5. Restrictions on Additional Charges
The Regulations set out a number of restrictions on additional or premium charges being levied on customers. Key among these are the following:
• The requirement to obtain the customer’s express prior consent for additional charges. In practical terms, therefore, pre-checked boxes adding premium services or other items onto orders must be avoided. Careful, clear wording would also be valuable in such situations, we would suggest, so as to ensure that customers understand exactly what they are signing up for.
• A bar on premium rate helplines for use by customers to deal with an existing contract.
6. Exempt and Partially Exempt Contracts
The Regulations do not apply to certain contracts and we would strongly recommend that any traders whose goods or services may fall either fully or partly within any of the following obtain legal advice from a suitably qualified solicitor:
• Gambling (within the meaning of the Gambling Act 2005);
• Banking, credit, insurance, personal pensions, investments or payments (unless such services are offered as ancillary services to contracts which are covered by the Regulations);
• Rights in immovable property (or the creation of such rights);
• Rental of residential accommodation;
• Construction of new (or substantially new, e.g. conversion) buildings;
• Supply of food or drink on regular rounds (e.g. milkmen);
• Package travel and holidays;
• Timeshares;
• Vending machines or “automated commercial premises”;
• A single connection by telephone, internet or fax established by a consumer;
• A single connection by public payphone;
• Sale of goods by way of execution or other authority of law.

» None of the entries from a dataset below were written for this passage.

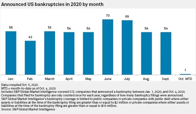 标普上述的破产分析主要包括有公共债务的上市公司或私营公司,在申请破产时,被列入公共债务公司名单的上市公司的资产或负债必须至少为200万美元。相比之下,私营公司必须至少包括1000万美元。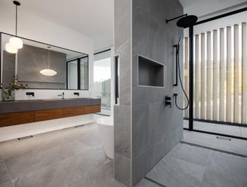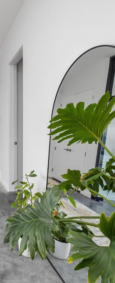Before reaching the front door, my attention is drawn to the carport and single-car garage (with space for a lift). The owner, a passionate car and motorbike enthusiast, wanted that passion reflected in the design, so Chris created a generous carport that flows into a glass-encased garage inside that is reminiscent of a high-end showroom. It’s both functional and expressive, allowing light to filter through the home.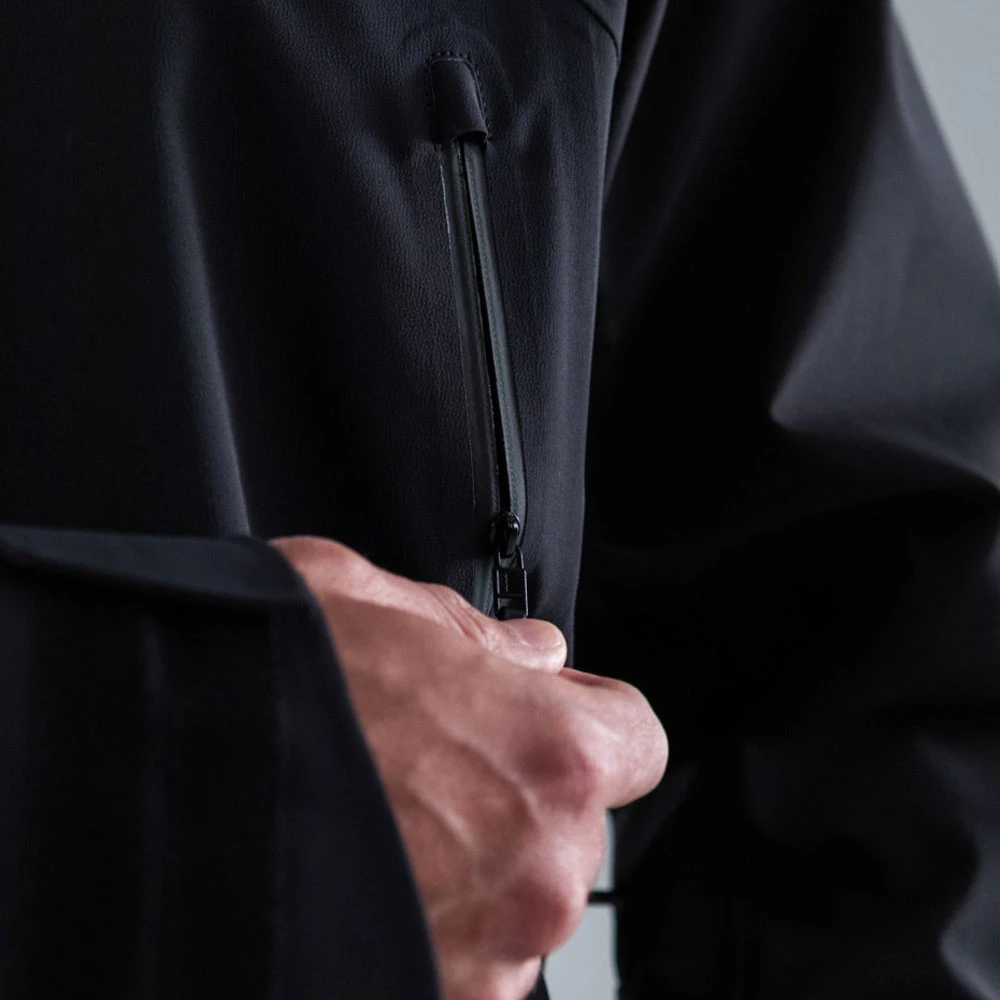 - feste, helmkompatible und voll verstellbare Kapuze mit Sturmklappe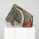 Jenny Nystrom created the image of the tomten or mischievous spirits and gnomes who protected the Swedish farmstead and buildings. They also represented Father Christmas who delivered children’s presents on Christmas eve.This image depicts a gnome gazine through a Christmas window while leading a goat and sled with baby.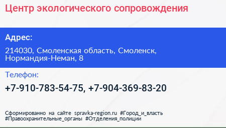 Центр экологического сопровождения по адресу 214030, Смоленская область, Смоленск, Нормандия-Неман, 8 в дальнейшем Организация, размещена в следующих категориях: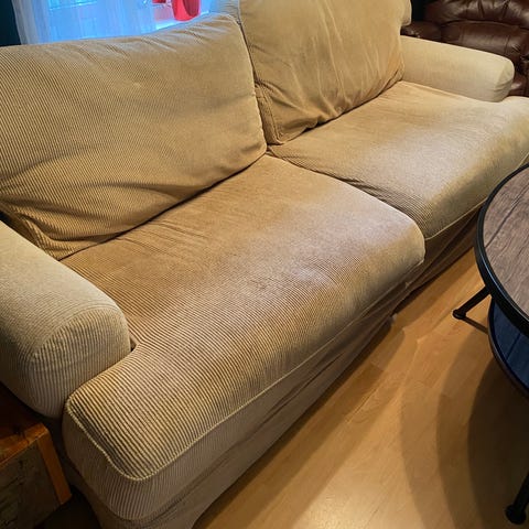 Beige soffa med avtagbar klädsel.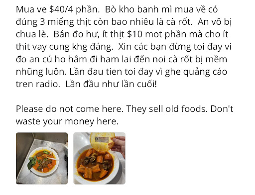 This place really sells spoiled food, only learnt it with my own experience. I should had read the comments before coming to this restaurant. I saw the ad on Facebook for buying any two “banh tet” or “banh chung”, get one free “dua mon”. Since I always want to try and motivate new restaurants, I ordered total of 2 banh tet and 2 banh chung from them a week before Lunar New Year to send them to my relatives. I came back to buy another pair of “banh tet” for another relative. I asked the cashier how long the cakes been there. He told me they had been there for a week. I was hesitated to buy but he told me the cakes should be good for a long time more. Trusting him, I bought another pair. My relatives kept the cakes in the refrigerator and only took them out the day before Lunar New Year. They cut and tried them on the third day of Lunar New Year and found out they were spoiled. Not only they were spoiled but banh chung were not fully cooked. I called the restaurant to complain and the first thing they ask if I have a receipt and that I’m the first to complain. There’s no apology and it made me feel like I made it up. I told them I don’t have the receipts anymore but I paid by card so I can show them the transaction. They then called me back a day later telling me if I can bring the cakes there, they will refund. Shoot, most of them were tossed away in the trash bin. I had to drive to my parents to retrieve 1 banh chung and 1 banh tet which were not tossed away yet. Got a refund for $35 for “banh chung” and $24 for “banh tet” minus $10 for “dua mon” which was a free item. Not to mention, I actually paid for $36 for “banh chung” while the price is $35. Yes, I was cheated. So stay away and don’t be fooled by their ad. You don’t want to send spoiled food as gifts, do you? Even though the restaurant says they give customers free drink for a 5-star review, I believe not many of the customers go against their morality for a...

The Regulations apply only in part to certain contracts and, as with the above, we would strongly recommend that any traders whose goods or services may fall either fully or partly within any of the following obtain legal advice from a suitably qualified solicitor:
• Passenger transport services;
• Off-premises contracts worth less than £42 (NB: this applies to off-premises (e.g. doorstep sales) transactions and is thus outside the scope of e-commerce and other distance selling methods)
• Supply of medicinal or other healthcare products by prescribers or similar;
• Day-to-day transactions (NB: this applies to on-premises transactions and is thus outside the scope of e-commerce and other distance selling methods);
• Goods or services with fluctuating prices. In such cases there is no right to cancel.
• Customised goods or those made to the customer’s specification. In such cases there is no right to cancel.
• Rapidly deteriorating goods. In such cases there is no right to cancel.
• Vin en primeur or similar. In such cases there is no right to cancel.
• Sealed goods. In such cases, where the seal has been broken and the goods cannot be returned for health reasons, there is no right to cancel.
• Sealed audio, video or computer software. In such cases, where the seal has been broken, there is no right to cancel.
• Goods which become inseparably mixed with other goods after delivery. The right to cancel is lost after such mixing.
• Urgent repairs or maintenance. In such cases there is no right to cancel.
• Newspapers and magazines. In such cases there is no right to cancel.
• Contracts concluded at public auctions.
• Contracts for the supply of accommodation, transport of goods, vehicle rental services, catering or services relating to leisure activities, if the contract provides for a specific date or period of performance. In such cases there is no right to cancel.